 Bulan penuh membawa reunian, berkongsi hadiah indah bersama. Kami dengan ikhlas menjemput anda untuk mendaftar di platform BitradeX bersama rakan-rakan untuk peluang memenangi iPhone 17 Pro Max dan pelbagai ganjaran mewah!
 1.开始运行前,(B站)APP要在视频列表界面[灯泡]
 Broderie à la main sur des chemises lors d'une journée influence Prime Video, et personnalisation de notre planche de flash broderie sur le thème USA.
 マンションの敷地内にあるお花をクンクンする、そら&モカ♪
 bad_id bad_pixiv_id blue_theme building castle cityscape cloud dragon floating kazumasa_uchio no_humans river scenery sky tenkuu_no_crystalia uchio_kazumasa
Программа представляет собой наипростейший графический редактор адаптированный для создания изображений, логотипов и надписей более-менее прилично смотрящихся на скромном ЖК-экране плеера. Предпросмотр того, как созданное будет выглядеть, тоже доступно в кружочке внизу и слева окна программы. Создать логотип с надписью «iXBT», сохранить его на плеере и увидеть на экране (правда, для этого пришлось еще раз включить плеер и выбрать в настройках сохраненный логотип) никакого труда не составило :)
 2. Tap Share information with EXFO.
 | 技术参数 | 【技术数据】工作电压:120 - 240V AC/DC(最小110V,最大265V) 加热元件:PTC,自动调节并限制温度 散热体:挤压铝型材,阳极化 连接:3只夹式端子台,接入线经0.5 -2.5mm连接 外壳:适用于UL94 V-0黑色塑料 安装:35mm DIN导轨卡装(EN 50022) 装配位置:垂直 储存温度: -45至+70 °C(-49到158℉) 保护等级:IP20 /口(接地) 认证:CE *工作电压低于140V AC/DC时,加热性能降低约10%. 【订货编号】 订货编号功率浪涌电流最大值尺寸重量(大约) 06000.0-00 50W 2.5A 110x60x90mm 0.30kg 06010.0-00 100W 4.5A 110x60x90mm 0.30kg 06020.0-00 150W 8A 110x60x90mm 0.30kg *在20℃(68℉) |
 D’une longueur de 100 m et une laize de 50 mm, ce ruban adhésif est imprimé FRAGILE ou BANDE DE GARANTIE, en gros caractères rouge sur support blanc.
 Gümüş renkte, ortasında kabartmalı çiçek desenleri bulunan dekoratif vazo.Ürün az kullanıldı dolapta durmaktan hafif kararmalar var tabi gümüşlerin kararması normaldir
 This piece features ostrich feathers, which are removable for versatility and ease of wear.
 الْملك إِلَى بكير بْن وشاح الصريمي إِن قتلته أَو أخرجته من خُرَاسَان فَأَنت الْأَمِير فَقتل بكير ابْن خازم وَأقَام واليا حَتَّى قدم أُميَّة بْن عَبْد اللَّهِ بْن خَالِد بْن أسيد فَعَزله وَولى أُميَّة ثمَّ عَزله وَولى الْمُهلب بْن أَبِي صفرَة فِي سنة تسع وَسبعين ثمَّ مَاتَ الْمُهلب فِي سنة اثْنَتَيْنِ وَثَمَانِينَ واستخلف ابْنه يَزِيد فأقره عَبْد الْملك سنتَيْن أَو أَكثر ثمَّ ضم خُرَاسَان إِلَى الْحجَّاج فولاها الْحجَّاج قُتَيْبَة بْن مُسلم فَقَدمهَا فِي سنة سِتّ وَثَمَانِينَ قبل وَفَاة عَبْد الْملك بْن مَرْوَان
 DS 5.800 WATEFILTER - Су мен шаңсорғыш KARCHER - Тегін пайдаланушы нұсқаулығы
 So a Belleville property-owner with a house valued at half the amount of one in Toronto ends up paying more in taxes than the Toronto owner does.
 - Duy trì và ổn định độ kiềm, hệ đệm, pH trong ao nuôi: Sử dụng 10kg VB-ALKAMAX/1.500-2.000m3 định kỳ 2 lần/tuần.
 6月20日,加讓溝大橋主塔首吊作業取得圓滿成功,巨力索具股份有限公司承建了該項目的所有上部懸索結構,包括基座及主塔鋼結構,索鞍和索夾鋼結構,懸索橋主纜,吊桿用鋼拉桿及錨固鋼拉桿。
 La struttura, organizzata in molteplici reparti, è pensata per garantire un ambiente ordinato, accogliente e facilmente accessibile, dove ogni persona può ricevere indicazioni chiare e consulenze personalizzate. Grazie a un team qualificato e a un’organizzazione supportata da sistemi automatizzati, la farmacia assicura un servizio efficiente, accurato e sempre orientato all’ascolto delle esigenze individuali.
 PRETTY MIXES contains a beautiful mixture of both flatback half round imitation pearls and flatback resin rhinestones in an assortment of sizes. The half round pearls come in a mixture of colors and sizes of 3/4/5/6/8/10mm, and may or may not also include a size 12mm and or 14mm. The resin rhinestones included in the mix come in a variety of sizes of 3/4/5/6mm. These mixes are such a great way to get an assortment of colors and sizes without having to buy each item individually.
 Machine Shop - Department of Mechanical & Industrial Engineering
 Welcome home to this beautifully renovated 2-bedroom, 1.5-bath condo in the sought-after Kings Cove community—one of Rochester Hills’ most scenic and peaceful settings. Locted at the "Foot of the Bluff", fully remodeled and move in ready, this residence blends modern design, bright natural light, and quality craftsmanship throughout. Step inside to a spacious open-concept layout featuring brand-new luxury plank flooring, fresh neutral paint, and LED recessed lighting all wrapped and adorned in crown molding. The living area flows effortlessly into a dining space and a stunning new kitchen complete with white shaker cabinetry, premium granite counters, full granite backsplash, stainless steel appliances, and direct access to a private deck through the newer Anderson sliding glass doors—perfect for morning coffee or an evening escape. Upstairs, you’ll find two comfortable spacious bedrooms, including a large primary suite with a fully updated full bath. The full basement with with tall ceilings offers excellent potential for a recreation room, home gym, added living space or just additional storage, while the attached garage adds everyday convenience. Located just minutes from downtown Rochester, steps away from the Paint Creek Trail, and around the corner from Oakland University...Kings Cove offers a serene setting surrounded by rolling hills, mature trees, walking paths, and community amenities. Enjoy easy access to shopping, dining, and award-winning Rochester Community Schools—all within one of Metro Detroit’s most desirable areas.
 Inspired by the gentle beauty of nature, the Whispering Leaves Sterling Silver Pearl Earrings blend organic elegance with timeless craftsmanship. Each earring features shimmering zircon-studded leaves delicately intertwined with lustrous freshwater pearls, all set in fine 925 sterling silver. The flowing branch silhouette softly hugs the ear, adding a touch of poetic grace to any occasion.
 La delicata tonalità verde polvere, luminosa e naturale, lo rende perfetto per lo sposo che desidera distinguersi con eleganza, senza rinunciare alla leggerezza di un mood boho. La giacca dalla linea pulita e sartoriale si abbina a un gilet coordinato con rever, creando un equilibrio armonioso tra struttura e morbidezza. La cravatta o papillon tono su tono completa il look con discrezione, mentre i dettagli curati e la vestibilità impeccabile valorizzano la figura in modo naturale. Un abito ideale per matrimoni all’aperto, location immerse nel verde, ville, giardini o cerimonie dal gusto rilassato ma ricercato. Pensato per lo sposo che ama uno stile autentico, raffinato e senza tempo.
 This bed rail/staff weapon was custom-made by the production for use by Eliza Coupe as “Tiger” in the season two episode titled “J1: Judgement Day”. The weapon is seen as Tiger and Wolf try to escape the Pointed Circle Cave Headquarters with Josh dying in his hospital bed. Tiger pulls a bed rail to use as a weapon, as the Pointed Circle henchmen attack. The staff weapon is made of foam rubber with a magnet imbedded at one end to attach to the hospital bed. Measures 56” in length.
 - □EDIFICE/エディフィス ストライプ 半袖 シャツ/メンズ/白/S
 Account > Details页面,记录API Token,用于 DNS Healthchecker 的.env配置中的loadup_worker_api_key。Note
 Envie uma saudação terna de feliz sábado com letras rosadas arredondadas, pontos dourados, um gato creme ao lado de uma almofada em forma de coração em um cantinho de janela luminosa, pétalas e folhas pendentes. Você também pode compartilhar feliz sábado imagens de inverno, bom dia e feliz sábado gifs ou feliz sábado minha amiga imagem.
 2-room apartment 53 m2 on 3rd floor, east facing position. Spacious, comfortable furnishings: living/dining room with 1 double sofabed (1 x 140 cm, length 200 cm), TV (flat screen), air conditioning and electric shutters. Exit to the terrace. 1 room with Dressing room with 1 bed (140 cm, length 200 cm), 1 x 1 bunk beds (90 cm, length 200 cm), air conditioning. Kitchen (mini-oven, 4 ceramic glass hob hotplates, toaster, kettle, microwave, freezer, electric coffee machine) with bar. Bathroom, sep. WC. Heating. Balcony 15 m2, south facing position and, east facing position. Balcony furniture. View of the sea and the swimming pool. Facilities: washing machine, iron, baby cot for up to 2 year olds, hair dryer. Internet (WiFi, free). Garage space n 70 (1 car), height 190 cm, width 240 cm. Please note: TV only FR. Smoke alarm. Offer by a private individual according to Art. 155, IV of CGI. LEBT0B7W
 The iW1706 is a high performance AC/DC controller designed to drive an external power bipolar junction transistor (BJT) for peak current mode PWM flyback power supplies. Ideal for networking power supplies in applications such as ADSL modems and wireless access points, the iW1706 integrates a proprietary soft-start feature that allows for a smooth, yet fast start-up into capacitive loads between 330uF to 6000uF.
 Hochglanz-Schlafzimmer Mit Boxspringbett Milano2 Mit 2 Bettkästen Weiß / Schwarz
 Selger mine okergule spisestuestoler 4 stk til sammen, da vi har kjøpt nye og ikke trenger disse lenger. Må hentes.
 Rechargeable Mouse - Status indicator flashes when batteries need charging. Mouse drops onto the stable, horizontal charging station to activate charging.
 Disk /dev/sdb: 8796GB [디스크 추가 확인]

Work instructions ▸ Nothing but the lines from the start of the data above through the line with "1.开始运行前,(B站)APP要在视频列表界面[灯泡]" should appear in your answer, copied exactly.

Written reply ▸
 Bulan penuh membawa reunian, berkongsi hadiah indah bersama. Kami dengan ikhlas menjemput anda untuk mendaftar di platform BitradeX bersama rakan-rakan untuk peluang memenangi iPhone 17 Pro Max dan pelbagai ganjaran mewah!
 1.开始运行前,(B站)APP要在视频列表界面[灯泡]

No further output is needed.